> [Work item] Below are some records. Write out exactly their lines from the one with "Cerchi designed by" through the one with "8月7日,游客在秦皇岛市抚宁区冰糖峪景区游览。新华社记者杨世尧摄", and leave the pictures behind.

> [Input records]
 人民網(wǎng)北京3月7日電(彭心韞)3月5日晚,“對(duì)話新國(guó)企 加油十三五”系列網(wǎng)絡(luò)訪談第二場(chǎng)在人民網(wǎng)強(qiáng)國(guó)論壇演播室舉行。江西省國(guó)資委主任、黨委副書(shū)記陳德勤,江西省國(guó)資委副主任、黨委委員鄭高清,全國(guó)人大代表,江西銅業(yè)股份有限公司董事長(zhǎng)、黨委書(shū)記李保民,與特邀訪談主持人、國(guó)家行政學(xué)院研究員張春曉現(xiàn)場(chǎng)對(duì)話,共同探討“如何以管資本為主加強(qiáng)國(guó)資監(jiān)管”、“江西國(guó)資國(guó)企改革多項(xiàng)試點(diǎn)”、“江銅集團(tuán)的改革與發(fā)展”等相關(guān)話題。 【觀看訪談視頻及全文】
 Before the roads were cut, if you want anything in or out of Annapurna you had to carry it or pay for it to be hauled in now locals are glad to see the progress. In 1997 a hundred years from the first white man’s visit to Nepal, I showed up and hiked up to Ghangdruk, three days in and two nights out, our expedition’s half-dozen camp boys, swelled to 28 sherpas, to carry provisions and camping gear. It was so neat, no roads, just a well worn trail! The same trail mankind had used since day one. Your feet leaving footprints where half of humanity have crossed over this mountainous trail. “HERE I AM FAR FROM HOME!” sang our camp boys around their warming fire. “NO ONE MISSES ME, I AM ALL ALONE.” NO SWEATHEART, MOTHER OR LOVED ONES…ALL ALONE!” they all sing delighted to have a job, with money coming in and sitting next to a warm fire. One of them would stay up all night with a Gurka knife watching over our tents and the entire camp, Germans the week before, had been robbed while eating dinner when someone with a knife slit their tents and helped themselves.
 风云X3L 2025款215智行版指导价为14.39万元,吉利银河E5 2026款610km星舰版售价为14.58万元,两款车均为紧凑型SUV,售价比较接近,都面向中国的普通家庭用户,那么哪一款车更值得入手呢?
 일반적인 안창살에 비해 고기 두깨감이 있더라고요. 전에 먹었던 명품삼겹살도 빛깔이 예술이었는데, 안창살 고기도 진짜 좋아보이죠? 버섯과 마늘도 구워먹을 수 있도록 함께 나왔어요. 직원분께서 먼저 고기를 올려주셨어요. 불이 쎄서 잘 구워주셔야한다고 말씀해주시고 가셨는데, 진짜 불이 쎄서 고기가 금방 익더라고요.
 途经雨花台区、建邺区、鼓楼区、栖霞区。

...

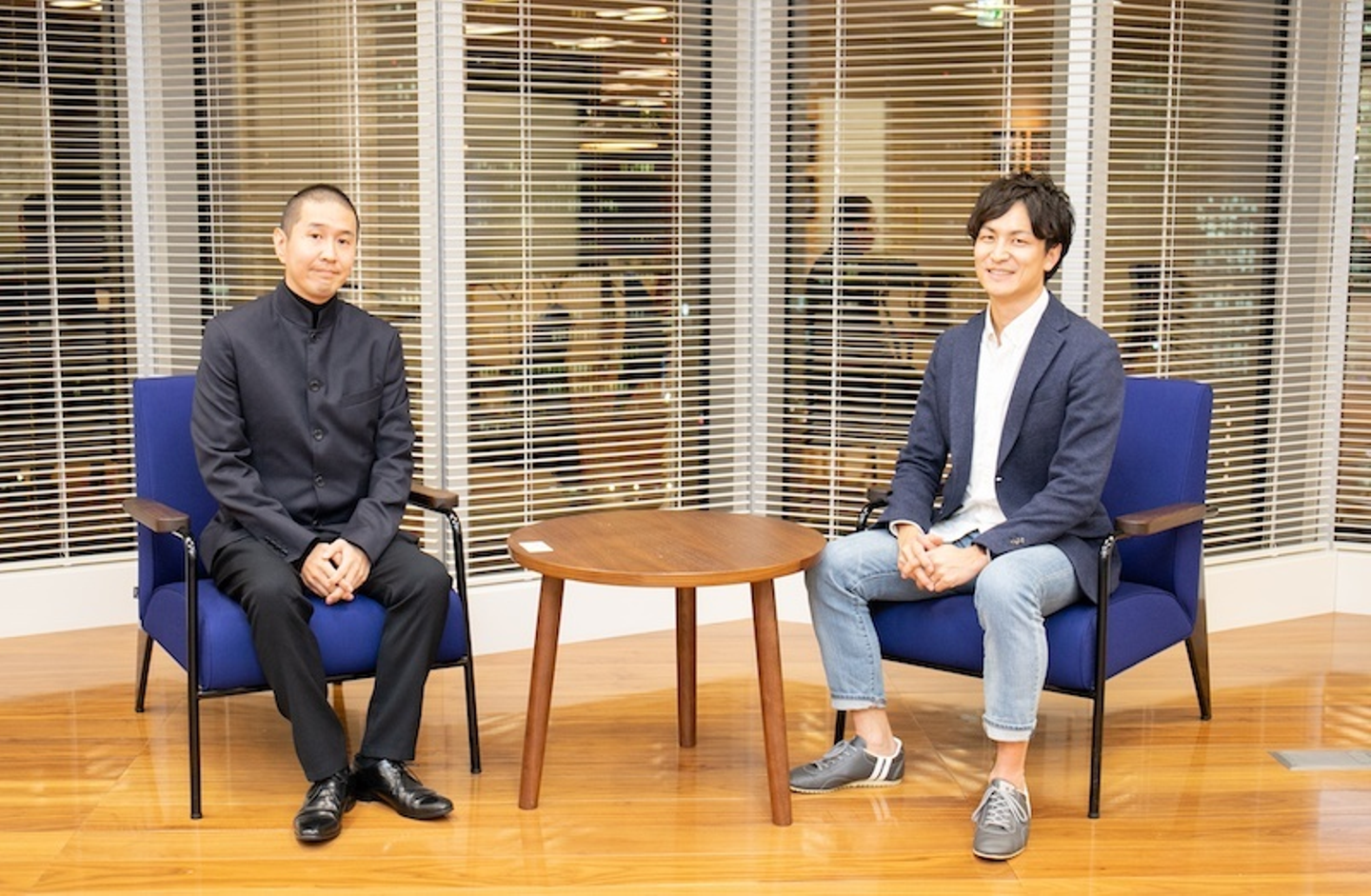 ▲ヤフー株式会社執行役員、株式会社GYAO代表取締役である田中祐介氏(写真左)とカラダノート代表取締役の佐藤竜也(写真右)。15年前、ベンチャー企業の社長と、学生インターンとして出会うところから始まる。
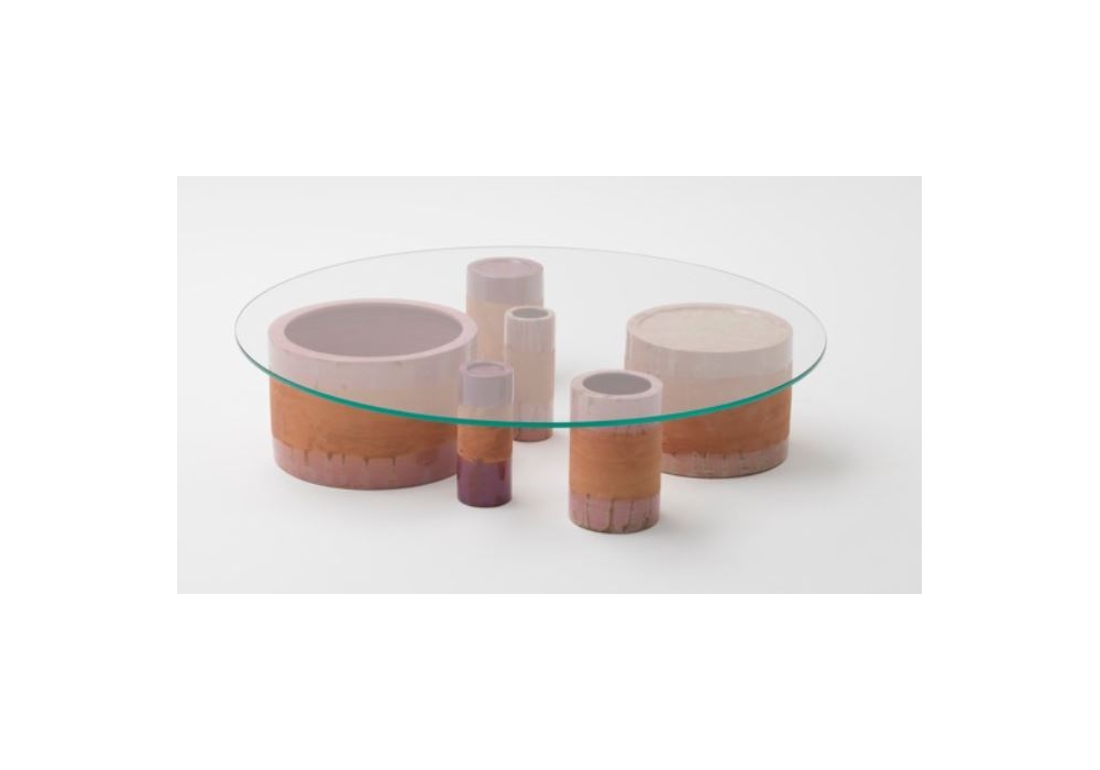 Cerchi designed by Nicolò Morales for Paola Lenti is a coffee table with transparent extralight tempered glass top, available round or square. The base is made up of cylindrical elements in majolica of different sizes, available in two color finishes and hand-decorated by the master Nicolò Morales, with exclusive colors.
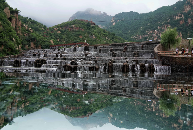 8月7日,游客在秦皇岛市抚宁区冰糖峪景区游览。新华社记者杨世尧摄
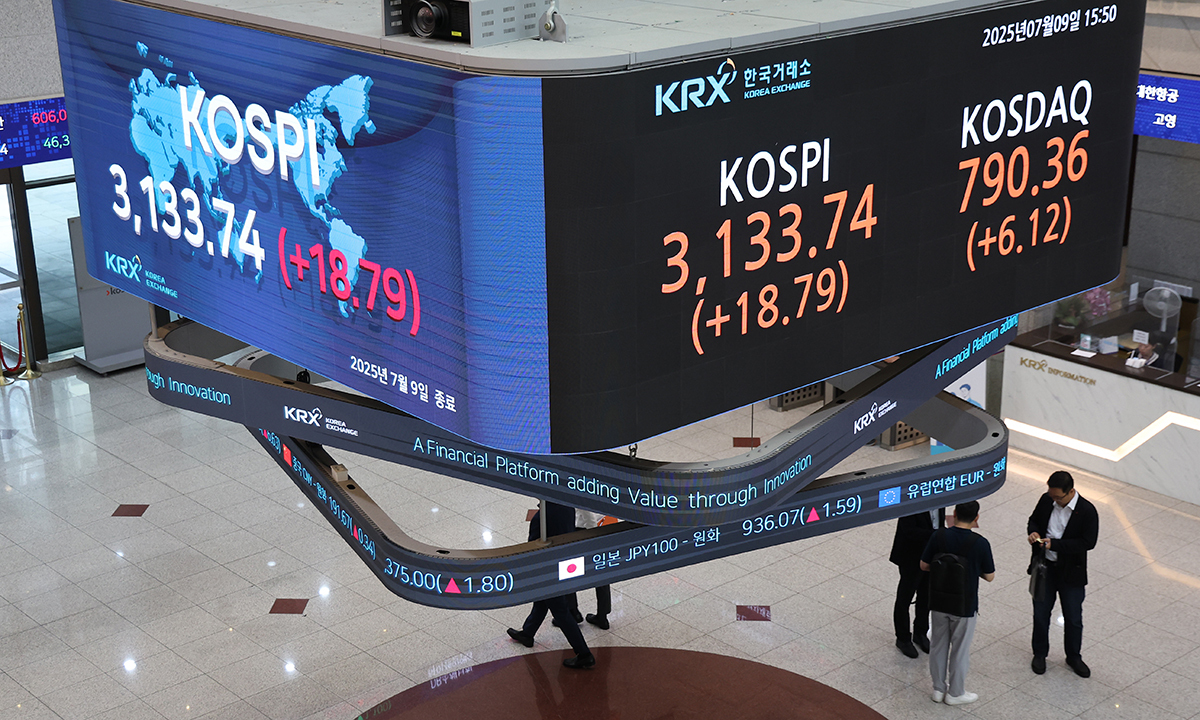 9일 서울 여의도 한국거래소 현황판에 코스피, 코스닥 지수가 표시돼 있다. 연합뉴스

> [Result]
 Cerchi designed by Nicolò Morales for Paola Lenti is a coffee table with transparent extralight tempered glass top, available round or square. The base is made up of cylindrical elements in majolica of different sizes, available in two color finishes and hand-decorated by the master Nicolò Morales, with exclusive colors.
 8月7日,游客在秦皇岛市抚宁区冰糖峪景区游览。新华社记者杨世尧摄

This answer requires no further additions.